EXERCISE GOAL: Entries below include pictures. Output exactly the lines from the one with "Wyświetlacz 7 segmentowy" down to the one with "不知道為什麼 胖胖一看到他媽媽把起司蛋切開就哭哭了 可能自己想整塊吃下去", both ends included, and leave the pictures out.

Source data
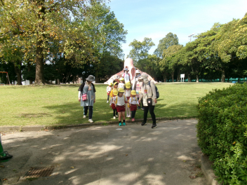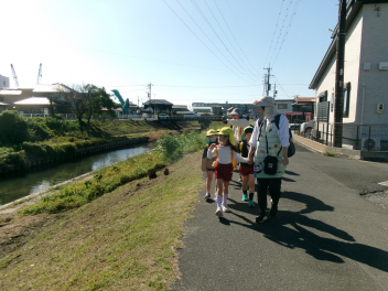 • 今日は風もなく、秋晴れlaugh安間川公園にお散歩に出掛けました!!今日は年長ぞう組さんが、年少うさぎ組さんと手をつなぎ、安全に気を付けながら出発です
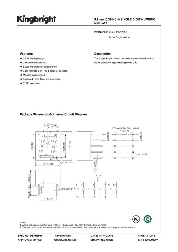 Wyświetlacz 7 segmentowy SC39-11SYKWA Kingbright SC39-11SYKWA żółty
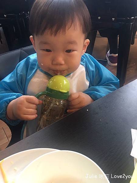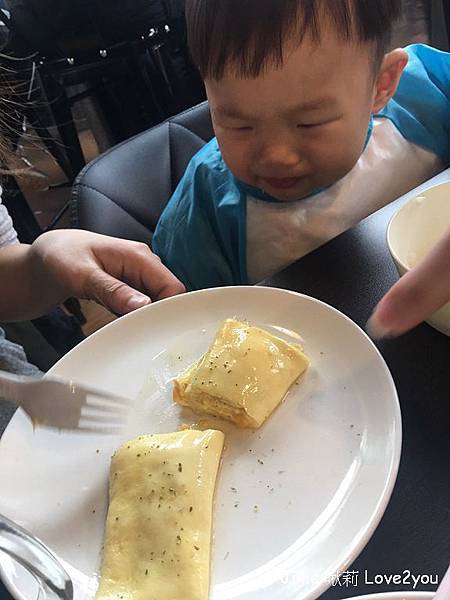 不知道為什麼 胖胖一看到他媽媽把起司蛋切開就哭哭了 可能自己想整塊吃下去
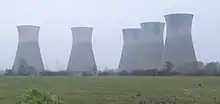 In the 1950s, two coal-fired power stations were built on a site off Twyford Road, between Willington and Findern. The stations were privatised and sold to National Power in the early 1990s and eventually closed in the mid-1990s. Although most of the stations were demolished at the turn of the millennium, the five cooling towers continue to dominate the skyline of the local area. The site[12] was earmarked for a large residential development, but the application was rejected and in 2011 permission was granted for a new power station to be built on the site.
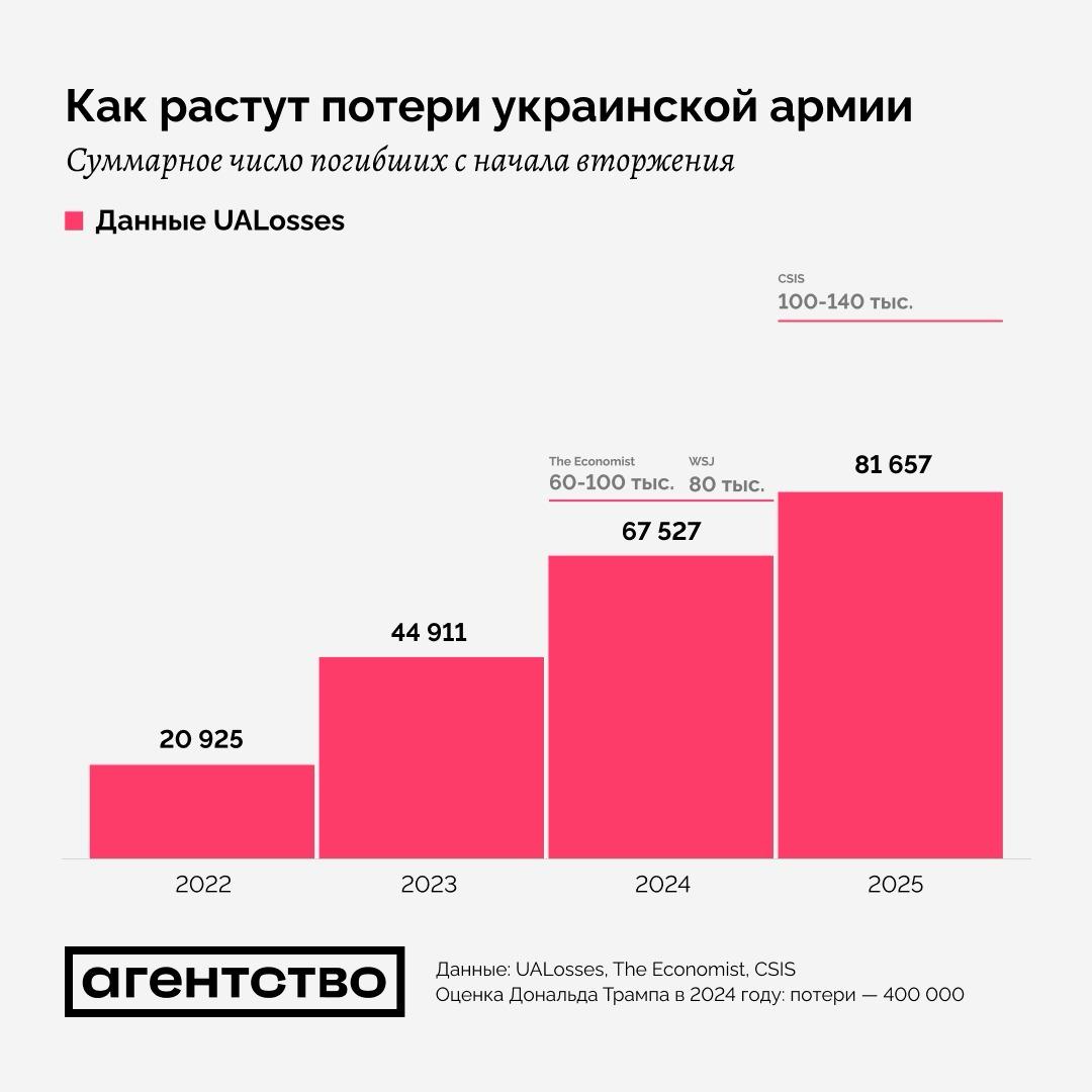 За четыре года российского вторжения в Украину этот конфликт стал самым кровавым для России со времен Второй мировой войны. Число только погибших военных может превышать полмиллиона человек, общее число потерь достигает 2 млн человек. При этом число потерь растет: по данным западных чиновников, в последние месяцы они даже превышают скорость набора добровольцев. Это не приводит к ускорению продвижения на фронте: в 2025 году российская армия захватила меньше 1% украинской территории.

SOLUTION TO THE EXERCISE:
 Wyświetlacz 7 segmentowy SC39-11SYKWA Kingbright SC39-11SYKWA żółty
 不知道為什麼 胖胖一看到他媽媽把起司蛋切開就哭哭了 可能自己想整塊吃下去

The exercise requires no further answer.